Compared to version 0.06, SixtyFPS 0.1 offers a new style that implements widgets in Microsoft’s Fluent Design. The version also includes a new API for dynamic creation of images at runtime. The .60 markup language gets additions for bindings, the layout and the cooperation of the threads.

Version 0.1 relies on Fluent Design.

(Image: SixtyFPS)

The name of the project is derived from the fluid frame rate of 60 frames per second (Frames Per Second, FPS). The two developers of the project Oliver Goffart and Simon Hausmann are based in Berlin. Both have gained cross-platform experience around the Qt framework. You were involved in the KDE project based on Qt and worked at Trolltech, the mother of the Qt framework. Hausmann gained experience in the area of ​​markup languages ​​with Qt QML (Qt Modeling Language) as a lead developer for the QtQml engine at the Qt Company.
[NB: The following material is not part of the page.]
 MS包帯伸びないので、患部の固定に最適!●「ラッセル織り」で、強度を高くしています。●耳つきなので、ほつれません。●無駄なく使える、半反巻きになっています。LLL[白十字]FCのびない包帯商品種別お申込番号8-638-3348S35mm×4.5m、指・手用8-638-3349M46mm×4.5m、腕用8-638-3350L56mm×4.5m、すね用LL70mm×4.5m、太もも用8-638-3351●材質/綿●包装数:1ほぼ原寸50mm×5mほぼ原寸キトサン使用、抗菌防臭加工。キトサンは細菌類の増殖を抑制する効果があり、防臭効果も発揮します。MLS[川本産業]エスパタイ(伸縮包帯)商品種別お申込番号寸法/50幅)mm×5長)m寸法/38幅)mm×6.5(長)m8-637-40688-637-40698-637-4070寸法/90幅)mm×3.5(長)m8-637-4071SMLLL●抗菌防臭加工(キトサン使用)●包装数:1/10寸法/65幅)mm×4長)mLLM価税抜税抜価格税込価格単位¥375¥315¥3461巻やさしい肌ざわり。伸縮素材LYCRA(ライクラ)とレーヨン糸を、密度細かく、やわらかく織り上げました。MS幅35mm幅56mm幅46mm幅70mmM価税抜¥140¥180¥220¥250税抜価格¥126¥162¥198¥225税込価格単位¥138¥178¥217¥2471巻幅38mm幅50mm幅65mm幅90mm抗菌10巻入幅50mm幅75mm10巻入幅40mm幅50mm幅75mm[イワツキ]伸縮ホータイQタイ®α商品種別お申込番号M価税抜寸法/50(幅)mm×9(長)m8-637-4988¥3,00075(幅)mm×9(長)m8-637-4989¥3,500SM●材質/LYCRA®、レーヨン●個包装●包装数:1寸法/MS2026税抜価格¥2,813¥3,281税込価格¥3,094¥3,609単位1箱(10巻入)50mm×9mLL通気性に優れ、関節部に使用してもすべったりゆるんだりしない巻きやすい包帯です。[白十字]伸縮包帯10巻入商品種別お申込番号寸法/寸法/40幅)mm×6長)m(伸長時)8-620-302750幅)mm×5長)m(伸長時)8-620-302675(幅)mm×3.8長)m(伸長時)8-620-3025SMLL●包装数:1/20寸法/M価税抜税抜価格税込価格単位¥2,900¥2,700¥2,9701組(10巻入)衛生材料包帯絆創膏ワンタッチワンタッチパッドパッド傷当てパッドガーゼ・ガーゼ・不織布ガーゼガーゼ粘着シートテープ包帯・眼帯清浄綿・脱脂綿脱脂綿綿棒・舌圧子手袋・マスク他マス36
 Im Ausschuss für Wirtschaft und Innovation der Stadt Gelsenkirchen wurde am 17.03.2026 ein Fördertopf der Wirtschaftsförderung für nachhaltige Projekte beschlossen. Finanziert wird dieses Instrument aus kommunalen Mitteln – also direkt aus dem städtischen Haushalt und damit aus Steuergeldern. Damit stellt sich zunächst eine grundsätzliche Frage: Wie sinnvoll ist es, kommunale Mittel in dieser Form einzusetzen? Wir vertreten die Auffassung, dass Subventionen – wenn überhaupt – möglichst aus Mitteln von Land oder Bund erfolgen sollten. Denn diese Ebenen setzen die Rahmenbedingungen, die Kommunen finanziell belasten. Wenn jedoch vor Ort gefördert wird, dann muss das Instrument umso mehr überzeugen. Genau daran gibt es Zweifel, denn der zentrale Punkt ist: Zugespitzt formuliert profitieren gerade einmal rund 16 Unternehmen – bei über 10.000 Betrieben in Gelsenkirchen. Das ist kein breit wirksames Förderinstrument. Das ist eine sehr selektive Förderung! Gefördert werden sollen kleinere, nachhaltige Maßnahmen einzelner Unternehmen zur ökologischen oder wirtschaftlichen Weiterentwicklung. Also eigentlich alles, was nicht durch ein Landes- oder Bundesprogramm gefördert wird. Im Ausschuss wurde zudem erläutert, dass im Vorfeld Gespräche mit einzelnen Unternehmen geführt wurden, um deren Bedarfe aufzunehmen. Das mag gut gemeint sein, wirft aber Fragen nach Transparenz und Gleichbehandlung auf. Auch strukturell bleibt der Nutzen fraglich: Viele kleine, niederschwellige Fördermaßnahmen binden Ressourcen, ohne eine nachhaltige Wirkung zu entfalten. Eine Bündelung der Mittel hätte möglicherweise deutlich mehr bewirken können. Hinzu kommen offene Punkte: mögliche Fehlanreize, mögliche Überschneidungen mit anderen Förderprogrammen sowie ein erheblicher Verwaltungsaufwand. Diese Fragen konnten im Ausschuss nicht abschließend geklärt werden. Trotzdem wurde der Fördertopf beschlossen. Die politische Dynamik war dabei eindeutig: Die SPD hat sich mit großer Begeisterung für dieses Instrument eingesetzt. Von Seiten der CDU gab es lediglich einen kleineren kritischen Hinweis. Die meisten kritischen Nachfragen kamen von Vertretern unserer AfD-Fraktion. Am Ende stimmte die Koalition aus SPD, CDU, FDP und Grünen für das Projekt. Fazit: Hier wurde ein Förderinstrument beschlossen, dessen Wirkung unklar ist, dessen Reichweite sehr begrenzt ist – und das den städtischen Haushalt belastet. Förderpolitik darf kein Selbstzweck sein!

Further details on SixtyFPS 0.1 can be found in the Blog post for publication remove. That Toolkit can be found on GitHub. The licensing model is similar to that for Qt: The software is available under a GPLv3 license as well as under a commercial license. In addition, there is at the start an ambassador program, which offers a free license without the restrictions of the GPL to “ambassadors” contributing to the dissemination of the project.